Self employed clients: what are the home loan options?
You’re not imagining it: over the past two decades the self-employed proportion of the Australian workforce has increased considerably, with at least 2 million Australians now working for themselves.
We all know borrowing laws traditionally don’t favour the self-employed, but, given the high numbers of people who are working for themselves, this is likely to change in the future to reflect the shifting workforce.
In the meantime, when you meet clients who work for themselves and are looking to borrow, there are a few things to keep in mind:
- Confirm your client is actually considered self-employed.
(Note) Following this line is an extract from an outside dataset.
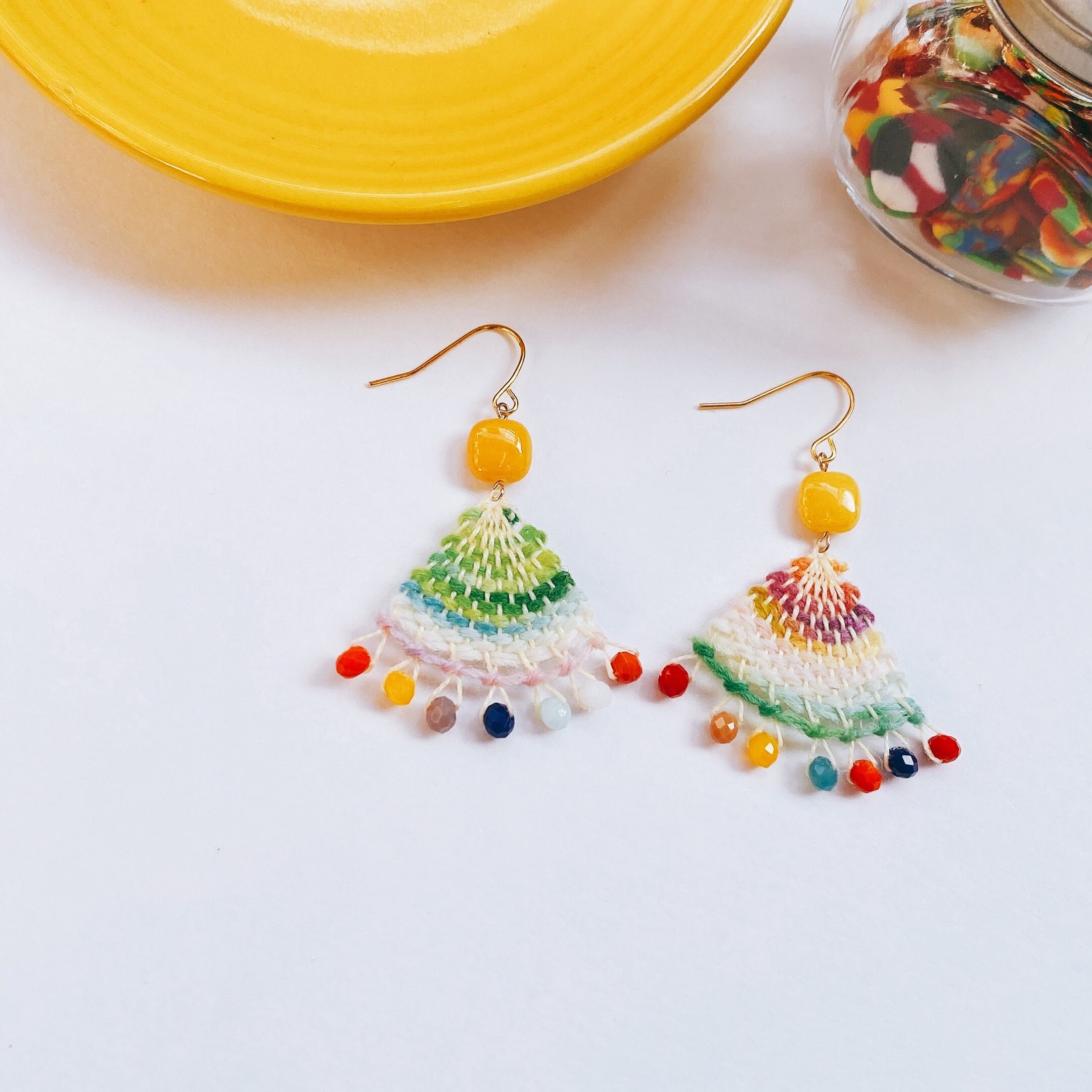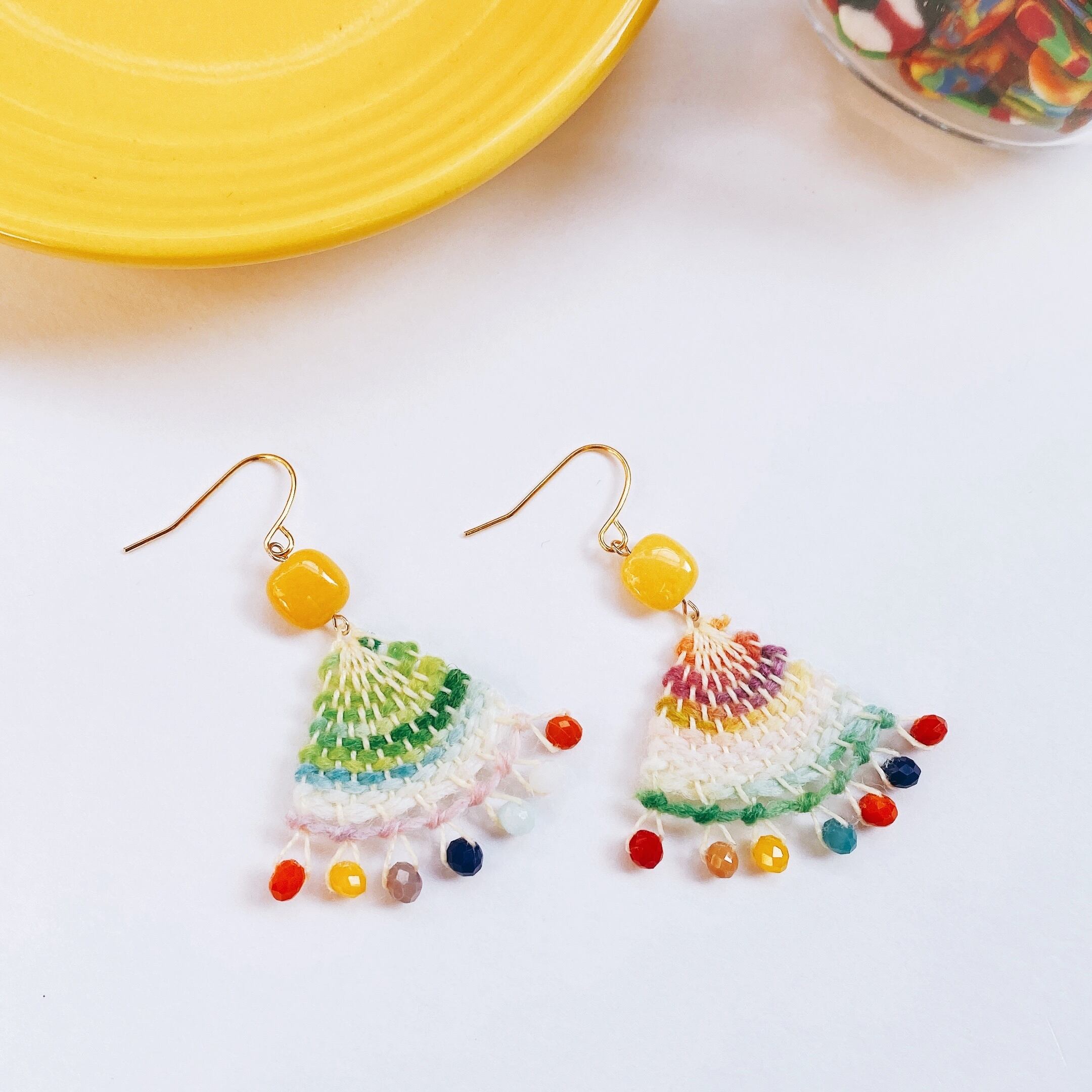 [材料]     ホワイト・手染め毛糸・ガラスカラフルビース・トルコビーズ・ピアス金具

Contractors and sub-contractors can sometimes get away with being seen as an employee, with some lenders.
- If your client is considered self-employed for borrowing purposes, they’ll need the last two year’s financial statements, income tax returns and up-to-date notice of assessments. Remember, banks rarely accept financial statements not lodged with the ATO.
- Banks use different methods of assessment for self-employed people but it’s usually an average of the client’s last two years income or the lower income of the last two years.
- Some lenders allow self-employed applicants to apply for a home loan by providing 12 months of BAS statements. BAS statements provide a lender with an indication of the business’s turnover and lenders can apply a ratio to that number to determine how much income is produced – and how much can be borrowed.
Of course, the main thing to tell a self-employed person wanting to buy property is to be on top of their accounting. Good records are key to presenting as a desirable loan candidate.